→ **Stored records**
########
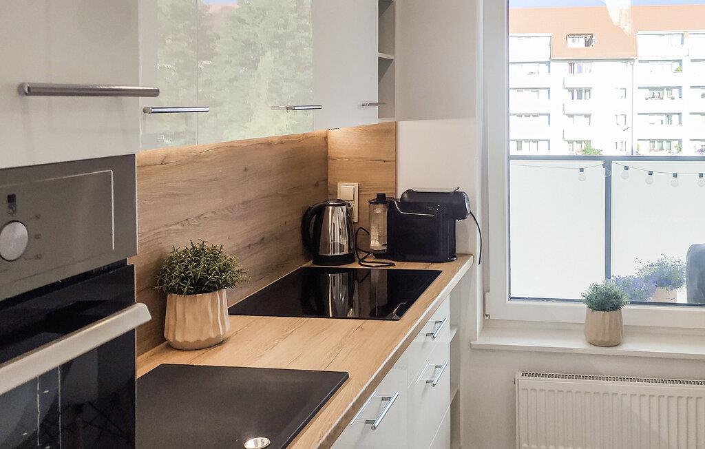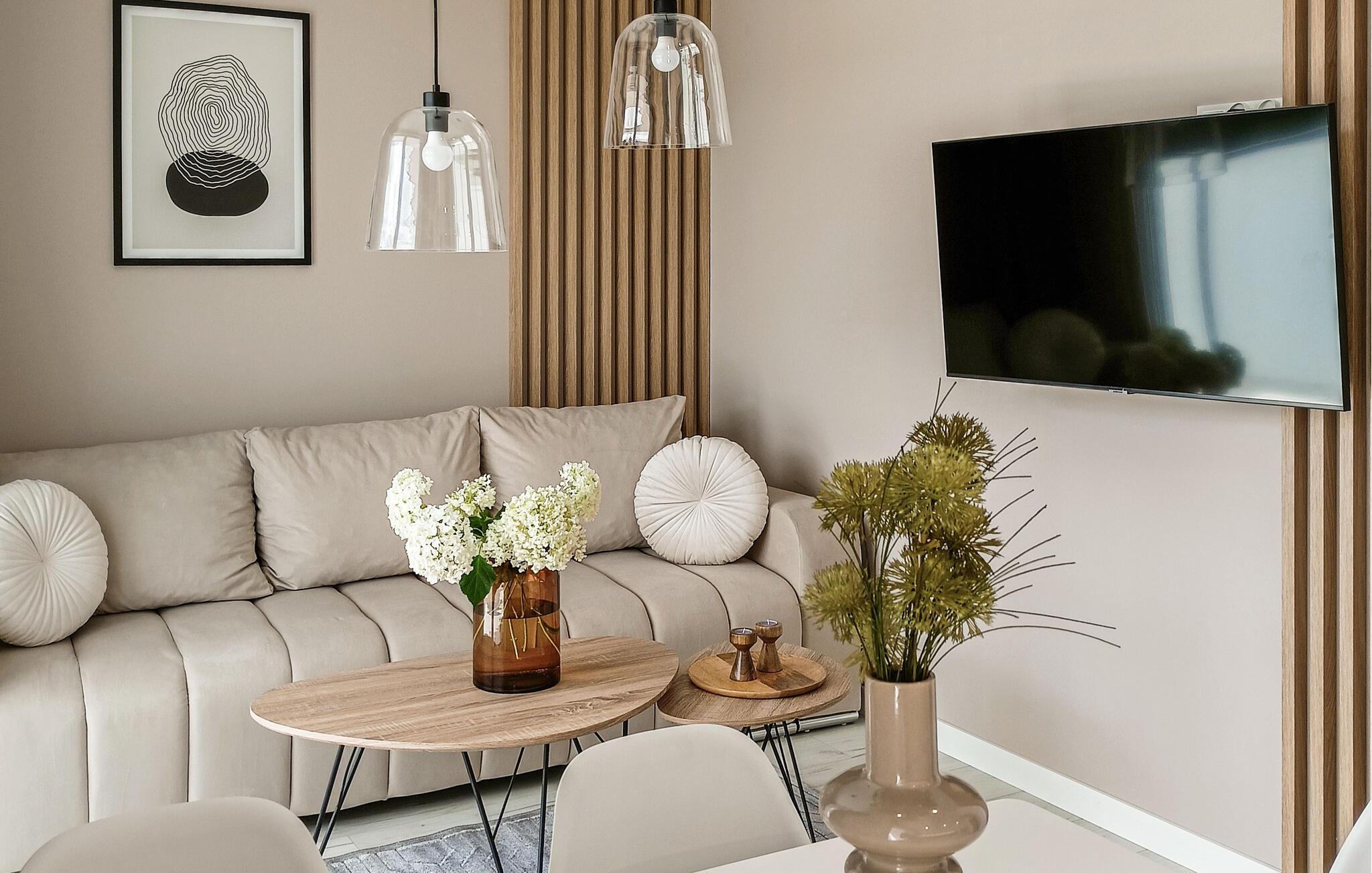 Velkommen til den moderne og komfortable lejlighed, der har en fremragende beliggenhed til en ferie med mange spændende udflugter og aktiviteter i naturen. Boligen er stilfuldt indrettet i bløde farveskalaer, og trods sin klejne størrelse får I mange gode faciliteter, der gør det nemt at for jer at slappe af før og efter dagens muntre leg. Efter aftensmaden kan I smække fødderne op i sofaen med snacks og en god film på tv'et, mens I lægger planer for de kommende dage.
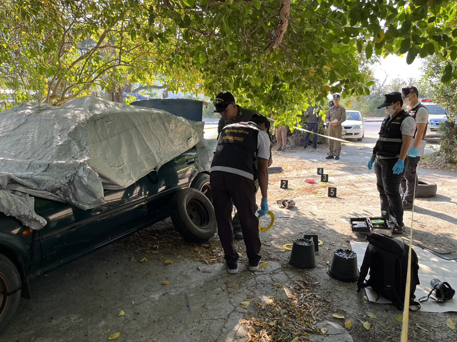 ต่อมาเมื่อเวลา 08.00 น. วันเดียวกัน เจ้าหน้าที่พิสูจน์หลักฐานเข้าตรวจสอบที่เกิดเหตุพบรถยนต์ได้รับความเสียหายและยังพบเศษตะปู หัวน๊อต กระจัดกระจายเต็มพื้น จากนั้น พ.ต.อ.เฉลิมวุฒิ วงศ์เวียงจันทร์ รอง ผบก.จ.ประจวบคีรีขันธ์ มาตรวจสอบที่เกิดเหตุ พร้อมสั่งการให้เจ้าหน้าที่ตำรวจชุดสืบสวนจังหวัด ร่วมกับ ชุดสืบ สภ.อ่าวน้อยเร่งติตตามจับกุมคนร้ายให้ได้เนื่องจากเป็นคดีอุกจกรรฉ์ ผู้บังคับบัญชาให้ความสนใจ และจากการตรวจกล้องวงจรปิดพบว่าก่อนเกิดเหตุมีคนร้าย 2 คน ใช้รถ จยย ขับวนดูบ้านเหยื่อ จากนั้นจอดรถถนนฝั่งตรงช้ามบ้านเหยื่อใช้ระเบิดไปป์บอมปาใส่และเร่งเครื่องหลบหนีไปกับความมืด
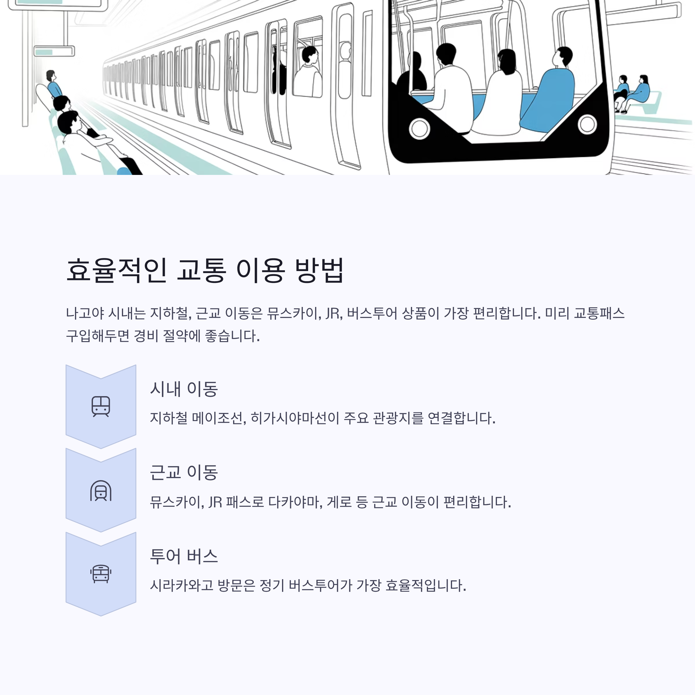 나고야 시내는 지하철, 근교 이동은 뮤스카이, JR, 버스투어 상품이 가장 편리합니다. 미리 교통패스 구입해두면 경비 절약에 좋으니, 여행 전 확인해보세요.
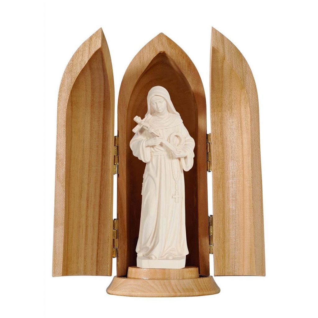 Drevená socha Svätej Rity v kaplnke je nádherne vyrezaná z javorového dreva, ručne maľovaná jemnými olejovými farbami a zlátená plátkovým zlatom.
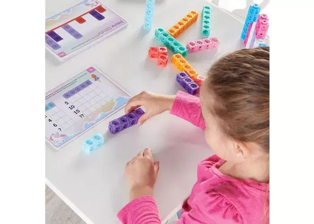 Работая с соединяющимися кубиками и карточками с заданиями, дети могут изучать и развивать ряд важных математических навыков, в том числе: счет, сортировку, состав числа 10, сложение и вычитание последовательности, работу по шаблону, а также развивать критическое мышление.
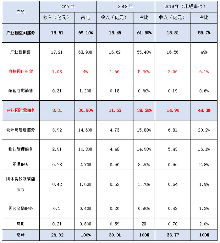 2015年,中电光谷实现总营业收入19.04亿元,其中运营服务与物业租赁收入占总营业收入比例仅有15.2%。2018年总营业收入30.01亿元,产业园运营服务及产业园租赁等收入占比达到44%;2019年总营业收入33.77亿元,产业园运营服务及产业园租赁等收入占总营业收入提升至50.4%,转型变革成效显著。
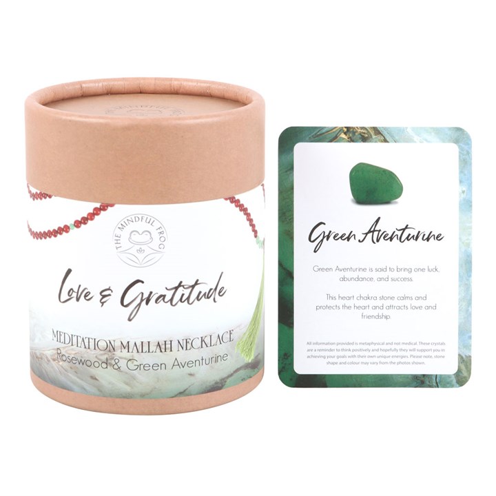 Crafted from rich, warm rosewood beads and interlaced with soothing Green Aventurine stones, this elegant necklace showcases 108 beads — a traditional number in Mallah necklaces symbolizing a spiritual journey and mindfulness — and is finished with a decorative tassel. The Green Aventurine, known for its properties of love, compassion, and gratitude, is associated with the heart chakra. It is believed to attract positive relationships, enhance empathy, and create a sense of deep emotional healing and balance in the wearer. A Mallah, or Mala, necklace is a string of beads traditionally used in meditation and prayer in various spiritual practices including Buddhism and Hinduism. Each bead represents a repetition of a mantra or prayer, aiding in focus and spiritual contemplation. To use simply hold the necklace in one hand and move from bead to bead whilst focusing on mindful breathing and repeating an intention. The necklace can be worn throughout the day as a reminder of these intentions. Each Mallah Necklace is presented in a beautifully designed box, accompanied by a corresponding information card, making it an ideal and thoughtful gift for a loved one who cherishes the values of love, compassion, and emotional healing.
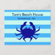 ¡Envíe saludos de verano este verano con una postal personalizada de su casa de playa! Este diseño náutico incluye rayas y un gran cangrejo azul y hará que los destinatarios deseen estar allí.
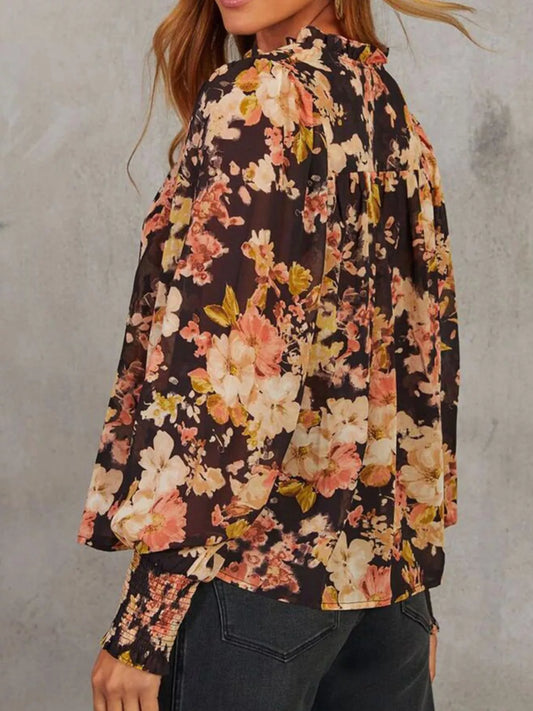 Floral V Neck Long Puff Sleeve Breezy Blouse
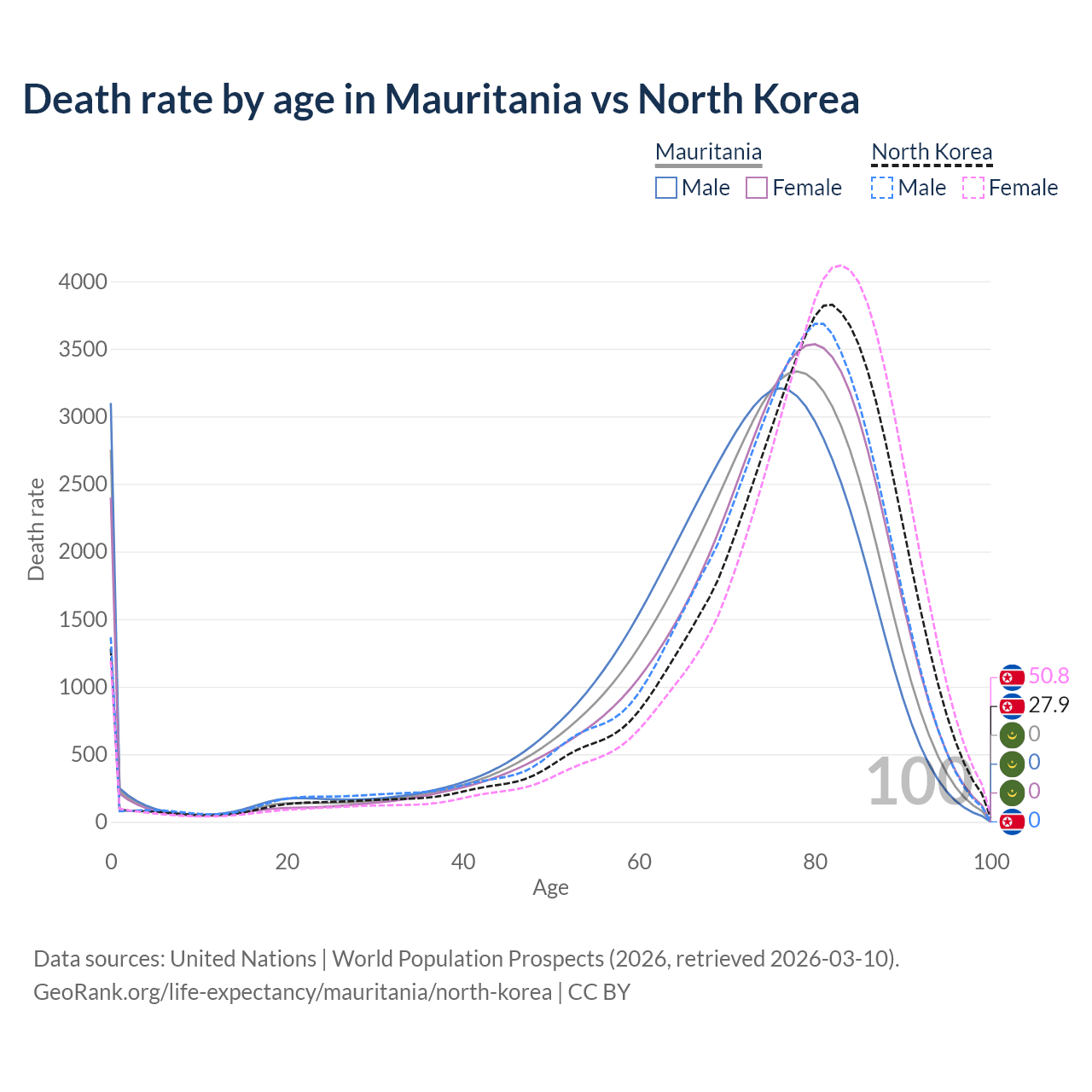 In Mauritania, the most common age of death is 78, compared to 82 in North Korea. The median age of death is 74.1 in Mauritania and 78.5 in North Korea, meaning only half of each cohort is expected to live past that age.
########
→ **Exercise**
An exact copy of the entries above, with no pictures, is the required answer.

→ **The completed task**
 Velkommen til den moderne og komfortable lejlighed, der har en fremragende beliggenhed til en ferie med mange spændende udflugter og aktiviteter i naturen. Boligen er stilfuldt indrettet i bløde farveskalaer, og trods sin klejne størrelse får I mange gode faciliteter, der gør det nemt at for jer at slappe af før og efter dagens muntre leg. Efter aftensmaden kan I smække fødderne op i sofaen med snacks og en god film på tv'et, mens I lægger planer for de kommende dage.
 ต่อมาเมื่อเวลา 08.00 น. วันเดียวกัน เจ้าหน้าที่พิสูจน์หลักฐานเข้าตรวจสอบที่เกิดเหตุพบรถยนต์ได้รับความเสียหายและยังพบเศษตะปู หัวน๊อต กระจัดกระจายเต็มพื้น จากนั้น พ.ต.อ.เฉลิมวุฒิ วงศ์เวียงจันทร์ รอง ผบก.จ.ประจวบคีรีขันธ์ มาตรวจสอบที่เกิดเหตุ พร้อมสั่งการให้เจ้าหน้าที่ตำรวจชุดสืบสวนจังหวัด ร่วมกับ ชุดสืบ สภ.อ่าวน้อยเร่งติตตามจับกุมคนร้ายให้ได้เนื่องจากเป็นคดีอุกจกรรฉ์ ผู้บังคับบัญชาให้ความสนใจ และจากการตรวจกล้องวงจรปิดพบว่าก่อนเกิดเหตุมีคนร้าย 2 คน ใช้รถ จยย ขับวนดูบ้านเหยื่อ จากนั้นจอดรถถนนฝั่งตรงช้ามบ้านเหยื่อใช้ระเบิดไปป์บอมปาใส่และเร่งเครื่องหลบหนีไปกับความมืด
 나고야 시내는 지하철, 근교 이동은 뮤스카이, JR, 버스투어 상품이 가장 편리합니다. 미리 교통패스 구입해두면 경비 절약에 좋으니, 여행 전 확인해보세요.
 Drevená socha Svätej Rity v kaplnke je nádherne vyrezaná z javorového dreva, ručne maľovaná jemnými olejovými farbami a zlátená plátkovým zlatom.
 Работая с соединяющимися кубиками и карточками с заданиями, дети могут изучать и развивать ряд важных математических навыков, в том числе: счет, сортировку, состав числа 10, сложение и вычитание последовательности, работу по шаблону, а также развивать критическое мышление.
 2015年,中电光谷实现总营业收入19.04亿元,其中运营服务与物业租赁收入占总营业收入比例仅有15.2%。2018年总营业收入30.01亿元,产业园运营服务及产业园租赁等收入占比达到44%;2019年总营业收入33.77亿元,产业园运营服务及产业园租赁等收入占总营业收入提升至50.4%,转型变革成效显著。
 Crafted from rich, warm rosewood beads and interlaced with soothing Green Aventurine stones, this elegant necklace showcases 108 beads — a traditional number in Mallah necklaces symbolizing a spiritual journey and mindfulness — and is finished with a decorative tassel. The Green Aventurine, known for its properties of love, compassion, and gratitude, is associated with the heart chakra. It is believed to attract positive relationships, enhance empathy, and create a sense of deep emotional healing and balance in the wearer. A Mallah, or Mala, necklace is a string of beads traditionally used in meditation and prayer in various spiritual practices including Buddhism and Hinduism. Each bead represents a repetition of a mantra or prayer, aiding in focus and spiritual contemplation. To use simply hold the necklace in one hand and move from bead to bead whilst focusing on mindful breathing and repeating an intention. The necklace can be worn throughout the day as a reminder of these intentions. Each Mallah Necklace is presented in a beautifully designed box, accompanied by a corresponding information card, making it an ideal and thoughtful gift for a loved one who cherishes the values of love, compassion, and emotional healing.
 ¡Envíe saludos de verano este verano con una postal personalizada de su casa de playa! Este diseño náutico incluye rayas y un gran cangrejo azul y hará que los destinatarios deseen estar allí.
 Floral V Neck Long Puff Sleeve Breezy Blouse
 In Mauritania, the most common age of death is 78, compared to 82 in North Korea. The median age of death is 74.1 in Mauritania and 78.5 in North Korea, meaning only half of each cohort is expected to live past that age.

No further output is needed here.